Perhaps our most amazing day in Cape Town itself started with a cable car ride to the top of Table Mountain, a hike on the mountain to Maclear’s Beacon and back, a walk to Artscape Theater to see a dance performance, topped off by a Panafrican meal at Gold Restaurant. Ihaw Elisha, performed by Jazzart Dance Theatre and choreographed by Sbonakaliso Ndaba, was 100 minutes of nonstop energy. They played to an enthusiastic mixed audience.

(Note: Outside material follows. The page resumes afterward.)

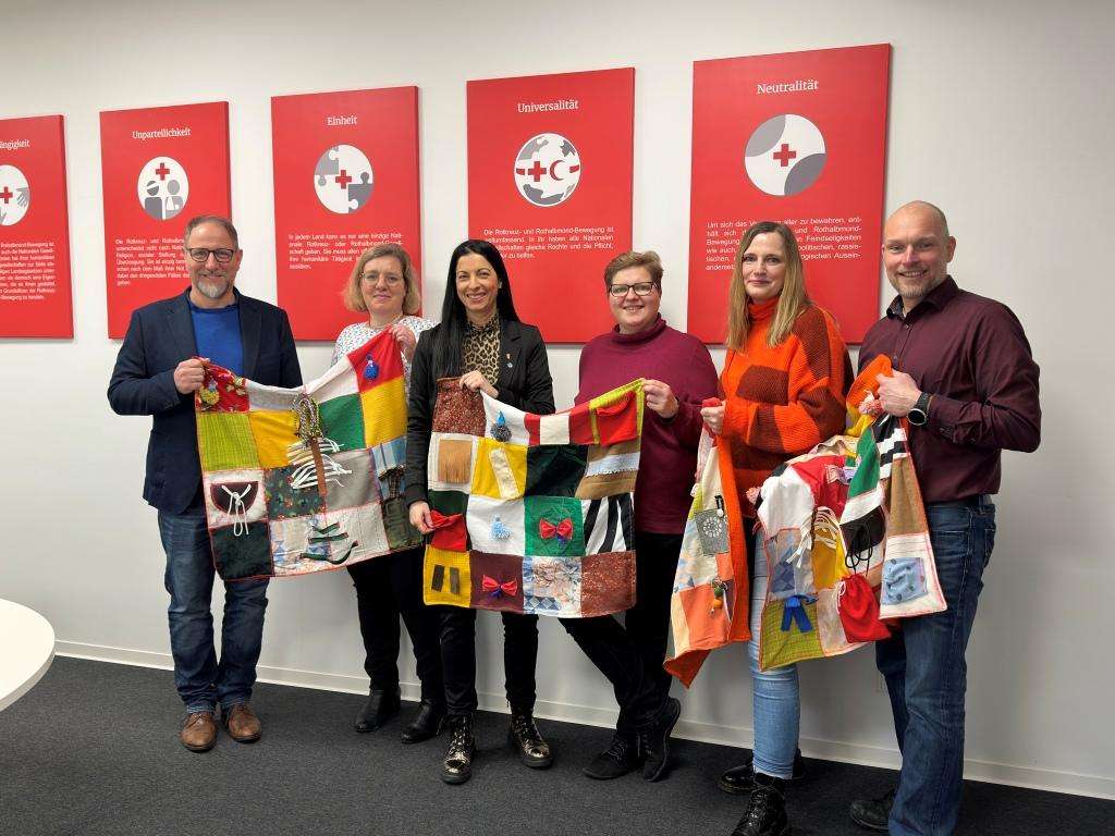 BU: Axel Gilcher (Vorstand des DRK Kreisverband Kaiserslautern-Stadt), Diana Sajons (Stellvertretende Referatsleiterin für Soziales), Beigeordnete Anja Pfeiffer, Annika Lange (Ökologieprogramm), Nicole Jörg (Beratungs- und Koordinierungsstelle Demenz DRK), sowie Heiko Becker (Sozialplanung der Stadt Kaiserslautern) bei der Übergabe der Nesteldecken.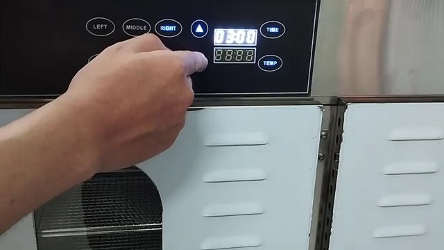 Ví dụ khi muốn cài đặt nhiệt độ và thời gian sấy cho buồng bên trái, người dùng có thể chọn buồng sấy tương ứng rồi nhấn nút cài đặt thời gian và nhiệt độ theo nhu cầu sấy của nguyên liệu.

Our Gold Restaurant experience began with 45 minutes of learning to drum on djembes, taught by instructors from Mali. We all finished with slightly bruised hands. You won’t believe the meal, 14 courses celebrating the cuisine of the 6 African countries that played in the World Cup:
1. South African spiced tomato soup with Xhosa corn pot bread
2. Algerian Kefta Kebabs with yoghurt
3. Cameroon baked fish, marinated in parsley, coriander, and limes, with herb mayo
4. Algerian briouats, folded phyllo pastries filled with meat
5. Cote D’Ivoire baked white yam wedges with peanut sauce
6. Bafana Bafana Bobotie, Cape Malay spiced ground ostrich with custard topping
7. South African chutney to top the Bobotie
8. Ghanaian groundnut chicken
9. Cameroon Morogo, greens with red and yellow peppers, tomatoes, and chillies
10. Nigerian mixed salad, similar to cole slaw
11. Algerian saffron couscous with mint and raisins
12. South African stewed rooibos nectarines
13. South African sponge cake and pudding
14. Cote D’Ivoire fruit platter

The courses were interspersed with drumming, dancing, and larger than life-size puppets that walked among the tables. Needless to say, we staggered home with very full bellies and fell into bed.